March 24, 2023 | 7 min read

Future 50 inductee Danny Gardner is the analytics manager and the US and North America social intelligence lead at Haleon. He tells us how he switched from the US Treasury to a career in brand marketing.

danny gardner

Danny Gardner is a social specialist at pharma firm Haleon and a member of this year’s Future 50 / Haleon

Danny Gardner hadn’t always planned on entering into the marketing industry. He studied economics as an undergraduate then attended business school. “I took maybe two marketing classes,” he says. “That’s it.”

During his final year of graduate school, while working as an intern and analyzing macroeconomic data at the United States Treasury Department, he suddenly found himself facing a major career choice: he could go work at Dow Jones, where he would continue doing the same kind of data analysis, or he could go to W2O Group, a healthcare company that would later become Real Chemistry, where he could work on something called “social listening.”

He chose the latter knowing that it could be what he would later describe as “a stepping stone into the marketing world.”

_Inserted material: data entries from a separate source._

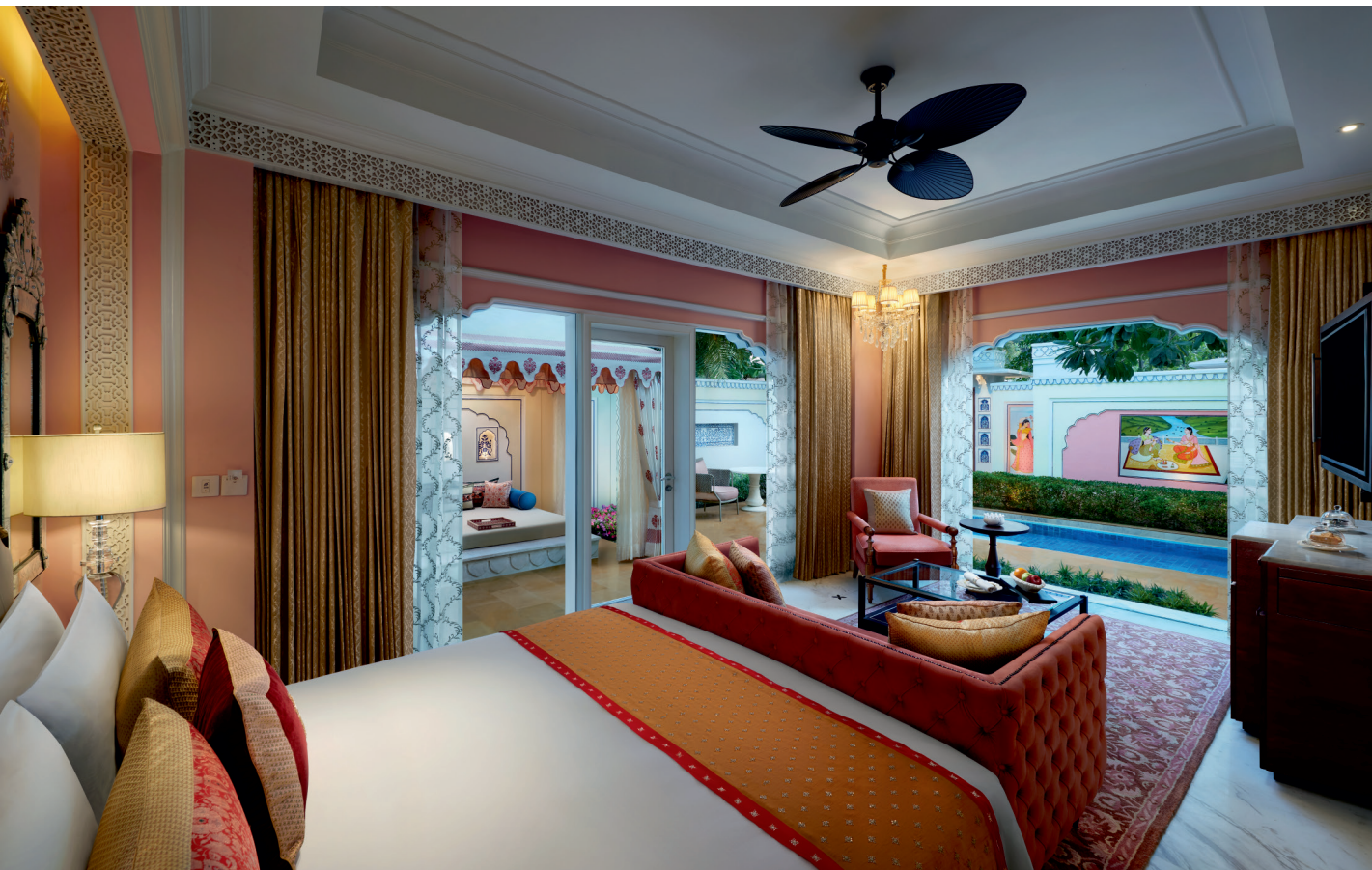
Royal Villa with Plunge Pool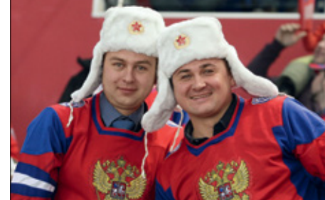
Ufa's hockey town atmosphere was plain for all to see.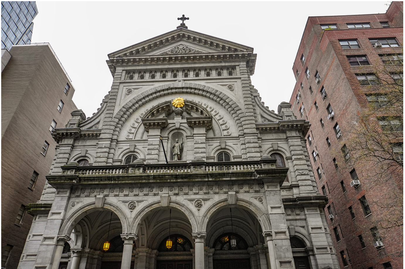
The Church of St. Francis Xavier in Manhattan, New York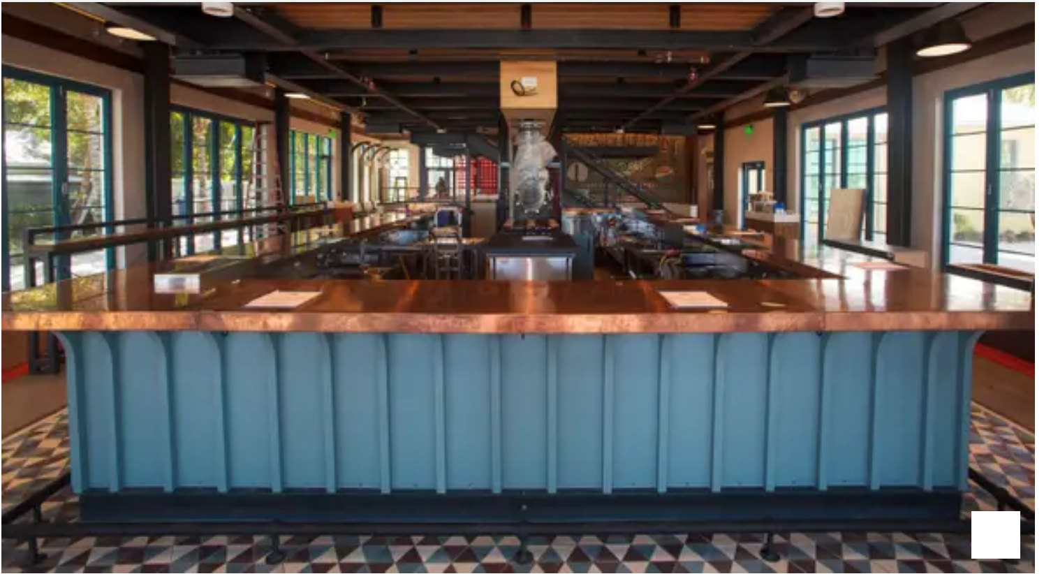
A view of the bar at Lucky Shuck, an oyster bar and taproom at the Charlie and Joe's at Love Street project.

In 2019, the same year he received his MBA from American University, Gardner was hired by the British international pharmaceutical company GSK as a senior data analyst and global social intelligence lead. “I started out as a data scientist, basically tidying and automating data structures, but what really fascinated me was how much data could be collected from social media. It fascinated me how complex social listening could be and how underutilized it was.”

Social listening sounds a bit Orwellian, but it’s a practice commonly deployed by brands in the age of social media and entails paying close attention to social media conversations related to a particular brand or product and then deriving informed strategies from such chatter to drive sales and customer engagement. The social media landscape is vast, constantly evolving and often esoteric, and brands have been forced in recent decades to hire people like Gardner who can navigate and understand this strange digital realm.

“Social media is deeply embedded in our society and marketing teams all over the world are trying to figure out how to tap into it. It was the perfect opportunity for me as an analytics professional to get involved in marketing.”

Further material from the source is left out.